Oh yeah. My upper-class white cousin had some minor procedure as a teenager, and his mother rejected the amount of Percocet they tried to give him.
Non-painkiller link: Horses in the Morning interviewed a Mounted Archer today!
Having a small stash of heavy duty pain meds can be handy if you just need half a pill for bad cramps or vicious muscle strain that you know doesn't need the full doctor treatment.
Horses in the Morning interviewed a Mounted Archer today!
re: the picture on that link: Beware the old barbarians. Think of how they lived to become old.
> Tim often says there is no simple task that he can't make 100 times more complicated.
There is a clear split on packing at Stately Fogelson Mansion. My spouse believes that if you are going to pack a filing cabinet (or a bureau etc.), that you take all the papers out of it and carefully pack them in labeled boxes, then move the empty cabinet, then at the other end, you unpack all the boxes of papers and put them back in the drawers. TOO MANY STEPS DUDE.

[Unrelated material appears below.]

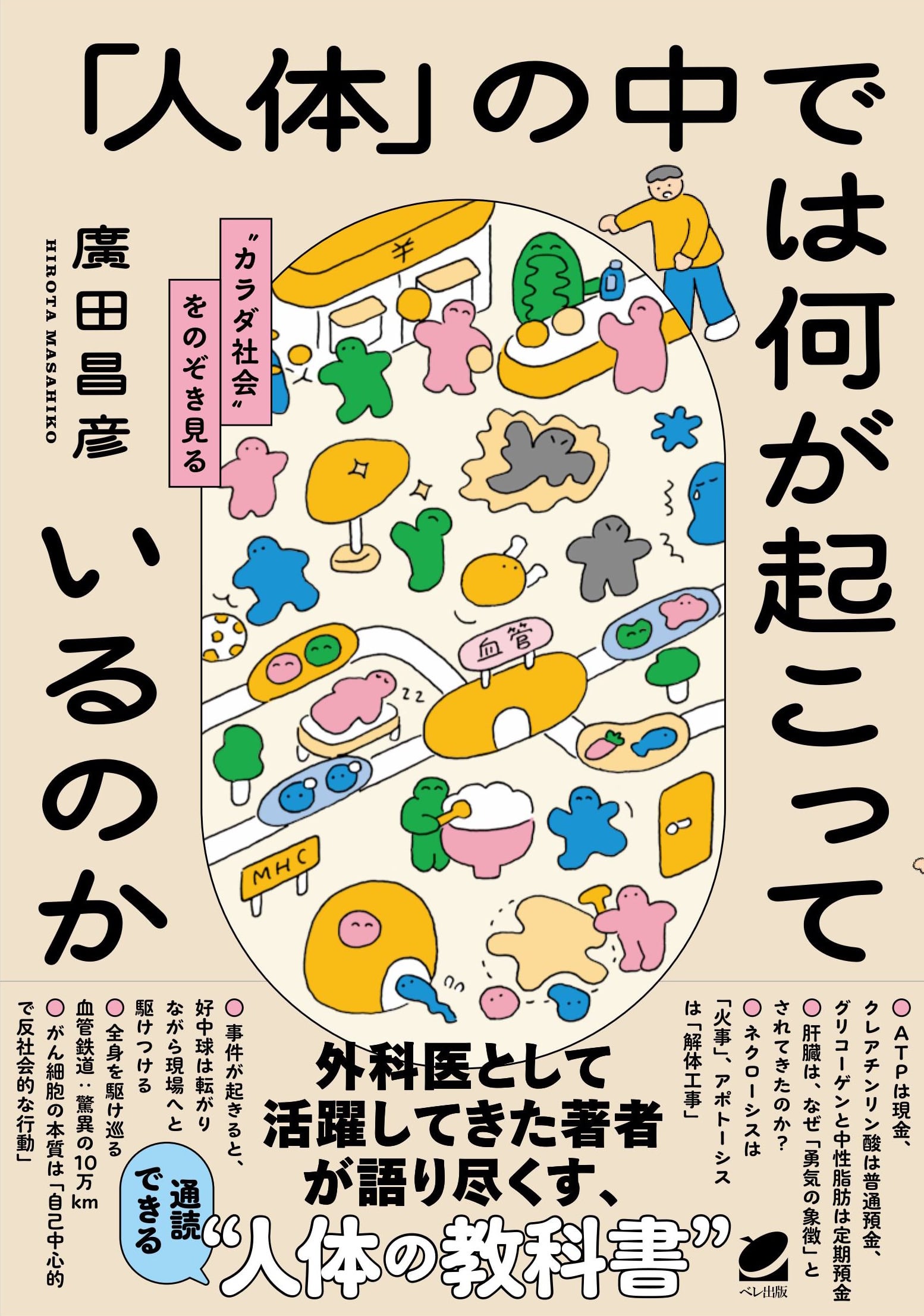 膵臓がんを主たる専門とする外科医である著者が、人体について、人体を形成している細胞について易しく解説します。細胞内の現象、生体内の現象、ヒト社会の現象、それらはすべて、内界と外界とのコミュニケーションから成り立っています。これらの巧妙な仕組みを、それぞれのレベルで対比して考えてみると、どのレベルの世界にも同じような社会現象があるということがわかって面白いものです。生体内のことや、ましてや細胞内のことには、わかっていないことも非常に多く、神秘に満ちあふれています。このようなまだわからない現象も、現実のヒト社会の現象にあてはめて考えてみると、腑に落ちて理解しやすくなることがあります。実社会の事象や人物、物事、音楽・映画作品などへの喩えもふんだんに交えながら展開される「人体」の話は深く、興味深く、読者をその世界へと導きます。

The clearly correct way is to take the drawers out and carry each of them and the cabinet to the moving truck, then put the full drawers back in and do the opposite at the other end. Easy peasy.
It's seems relevant to the conversation that this meditation extension I have installed just reminded me that "You shouldn't trust every thought that comes into your head." I kind of want Carol Kane from The Princess Bride to come running into my brain shouting "LIAR!" when my thoughts are crap.
And yeah, maybe Aunt Louise had access to laudanum, but that's how the killer manages to slip her the arsenic. I'm just saying.
Look, I am willing to take that risk right now if it would get me some laudanum.
Where did I read "Don't believe everything you think" recently? I think it's Pema Chodron, but I think I came across someone else quoting her.
Gentle hairpats, Jilli. Had I laudanum, I would give it to you.